The Marad massacre was the incident of religious violence leading to the killing of Hindus and Muslim at the Marad Beach of the Kozhikode district, Kerala, India.

In the 2002 Marad massacre at Marad, three Hindus and two Muslims were killed in a sudden breach of peace due to scuffles between two groups that began as a trivial altercation over drinking water at the public tap. Out of 393 people arrested, 213 were from Rashtriya Swayamsevak Sangh (RSS) and Bharatiya Janata Party (BJP).
Who were the rest?

In the 2003 Marad massacre eight Hindus were killed by Islamic extremist and one attacker, Mohammed Ashker, was hit by accident and was also killed. The judicial commission that probed the incident concluded that leaders of the  Indian Union Muslim League were directly involved in both the conspiracy and execution of the massacre. This political party was directly involved in both the conspiracy and execution of Kerala’s worst ever communal carnage, says the report of the judicial commission probing the three-year-old Marad massacre The commission affirmed "a clear communal conspiracy, with Muslim fundamentalist organisations involved". The commission couldn't find evidence to support the involvement of foreign organisations. The courts sentenced 62 Muslims to life imprisonment for committing the massacre in 2009 – most of whom belonged to the Indian Union Muslim League, People's Democratic Party, and National Development Front.

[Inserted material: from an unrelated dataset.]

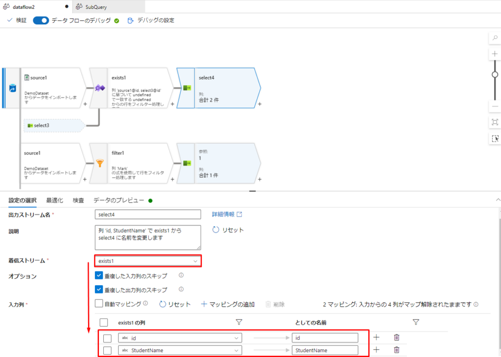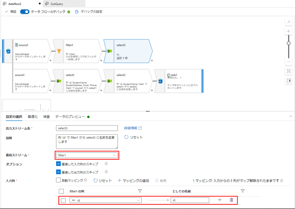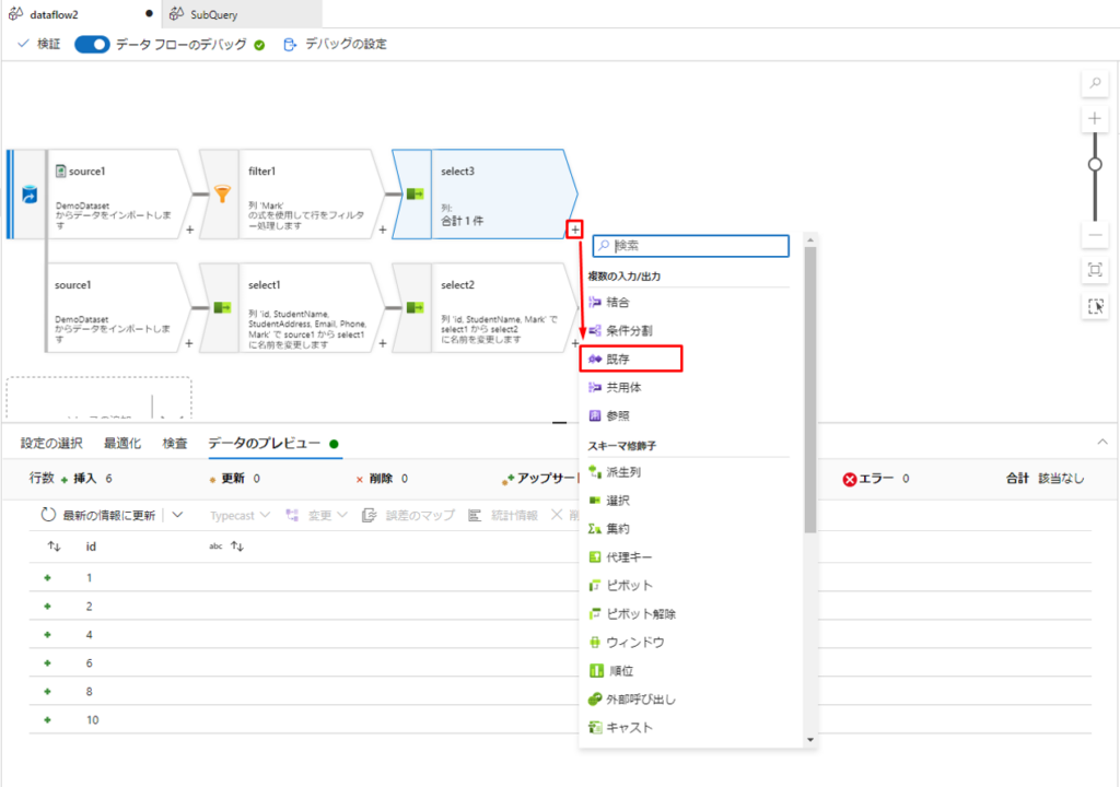 Azure Data Factoryでインラインビュー、サブクエリーを実現する方法について説明しました

The attackers also threw bombs with the intention of inflicting more deaths, but the bombs did not explode.

January 2002 riots

On 3 and 4 January 2002 at Marad, three Hindus and two Muslims were killed in a sudden breach of peace due to scuffles between two groups that began as a trivial altercation over drinking water at the public tap. Police present at the time stood watching the incident, failing to capture the criminals. Out of 393 people arrested, 213 were from Rashtriya Swayamsevak Sangh (RSS) and Bharatiya Janata Party (BJP), 86 from Muslim League, 78 from Communist Party of India (Marxist) (CPI(M)) and Communist Party of India (CPI), and couple of them from Indian National League (INL), National Development Front (NDF) – now renamed "Popular Front of India" and rest of the parties. Government troops were later sent in to patrol the area.

Conviction
 27 December 2008: A Special Court convicted 63 accused, in a case relating to the May 2003 communal attack at Marad beach near Kozhikode in Kerala, while acquitting 76 others for want of evidence.
 15 January 2009: A sessions Court in Kozhikode pronounced life sentence on 62 of 63 convicts in 2001's Marad carnage case. One convict, who has already served five years in jail, was released.

May 2003 riots

On 2 May 2003, in the early evening, eight Hindus were hacked to death by a Muslim mob on the beach after reeling in their catch for the day.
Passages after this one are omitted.